Obviously, anyone with an eye for history has to take Scott McNealy’s comments about the future of the iPod (i.e., there isn’t one) with a large grain of salt. After all, Scott has been pushing the whole “network is the computer” vision since I was in junior high — or maybe it just feels that way — and we all still use desktop PCs rather than the “thin client” computers that Sun would like us to use.
In a sense, Scott’s requiem for the iPod is just another cog in that particular wheel. The iPod will die, he says, because we will all have devices — phones, PDAs or whatever — that stream the music we want from a server somewhere. Is Scott just jealous of the success being enjoyed by Apple, the company Sun almost merged with three times (according to co-founder Bill Joy), while Sun’s stock continues to bump along the river bottom?
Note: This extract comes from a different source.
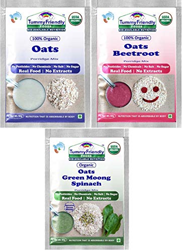 TummyFriendly Foods Certified Organic Oats Porridge Mixes Trial Packs Combo | No Sugar, No Salt, No Chemicals, No Pesticides & No GMO| Rich in Beta-Glucan, Protein & Fibre | Maximum Possible Nutrition From Real Food For Little Ones | | 3 Baby Packs, 50g E

Perhaps. But could he be right? It’s possible. When Sun was pushing its initial vision, broadband speeds weren’t anywhere near as advanced as they are now — and EV-DO and other wireless advancements are starting to bring that to cellphones and PDAs. I’ve streamed my own Mp3 files to a cellphone, an iPaq and a desktop using Orb as well as other services such as Streampad, and you know what? It worked pretty well, all things considered.
Maybe the iPod will turn out to be like the answering machine after all — or maybe it will sprout a microphone and a stylus and become a cellphone/PDA. After all, Apple has apparently filed for trademarks on the phrase “Mobile Me.”